_Task to carry out_:
Copy the entries that appear below in full, leaving out any picture among them.

********************

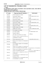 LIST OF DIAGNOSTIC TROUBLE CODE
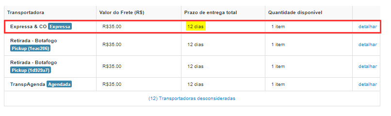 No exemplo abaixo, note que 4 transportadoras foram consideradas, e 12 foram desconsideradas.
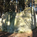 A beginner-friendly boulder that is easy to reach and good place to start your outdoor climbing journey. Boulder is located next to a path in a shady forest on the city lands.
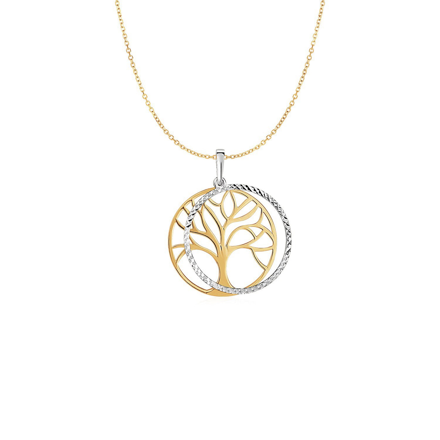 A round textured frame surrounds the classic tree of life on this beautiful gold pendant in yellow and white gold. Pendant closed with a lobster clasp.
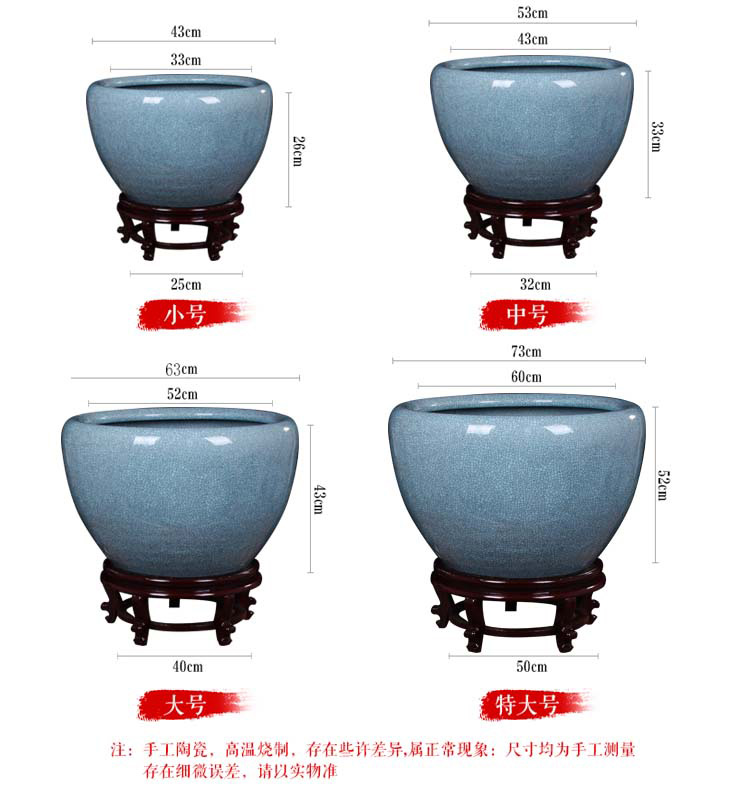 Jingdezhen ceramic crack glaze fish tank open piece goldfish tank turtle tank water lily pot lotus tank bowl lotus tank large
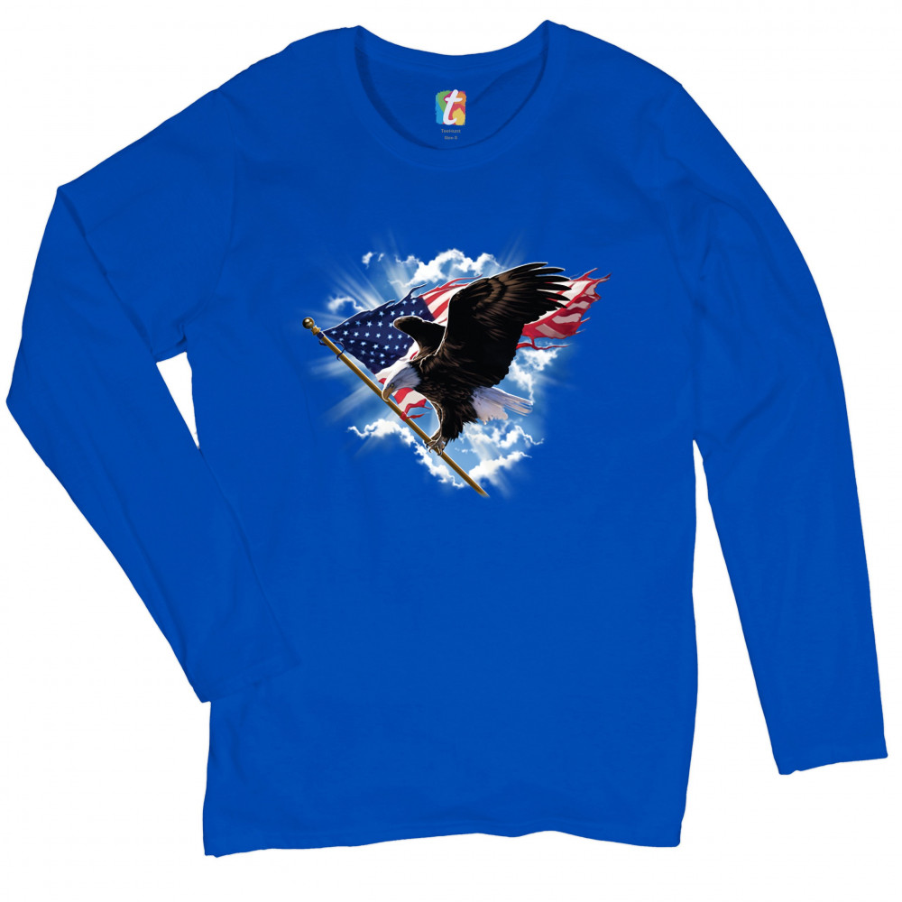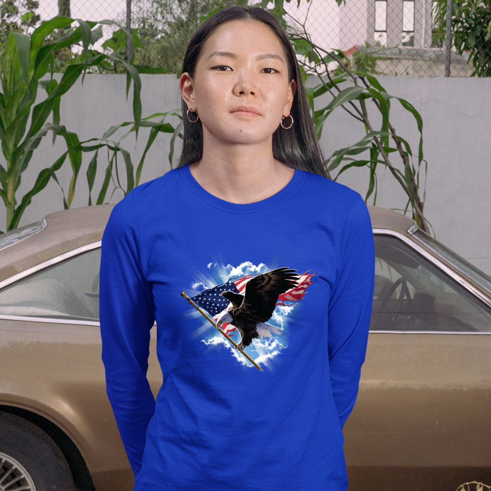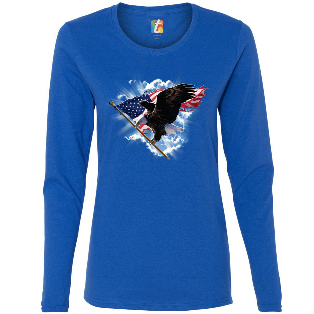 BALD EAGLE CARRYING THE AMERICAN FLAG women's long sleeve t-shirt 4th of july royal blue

********************

_Written answer_:
 LIST OF DIAGNOSTIC TROUBLE CODE
 No exemplo abaixo, note que 4 transportadoras foram consideradas, e 12 foram desconsideradas.
 A beginner-friendly boulder that is easy to reach and good place to start your outdoor climbing journey. Boulder is located next to a path in a shady forest on the city lands.
 A round textured frame surrounds the classic tree of life on this beautiful gold pendant in yellow and white gold. Pendant closed with a lobster clasp.
 Jingdezhen ceramic crack glaze fish tank open piece goldfish tank turtle tank water lily pot lotus tank bowl lotus tank large
 BALD EAGLE CARRYING THE AMERICAN FLAG women's long sleeve t-shirt 4th of july royal blue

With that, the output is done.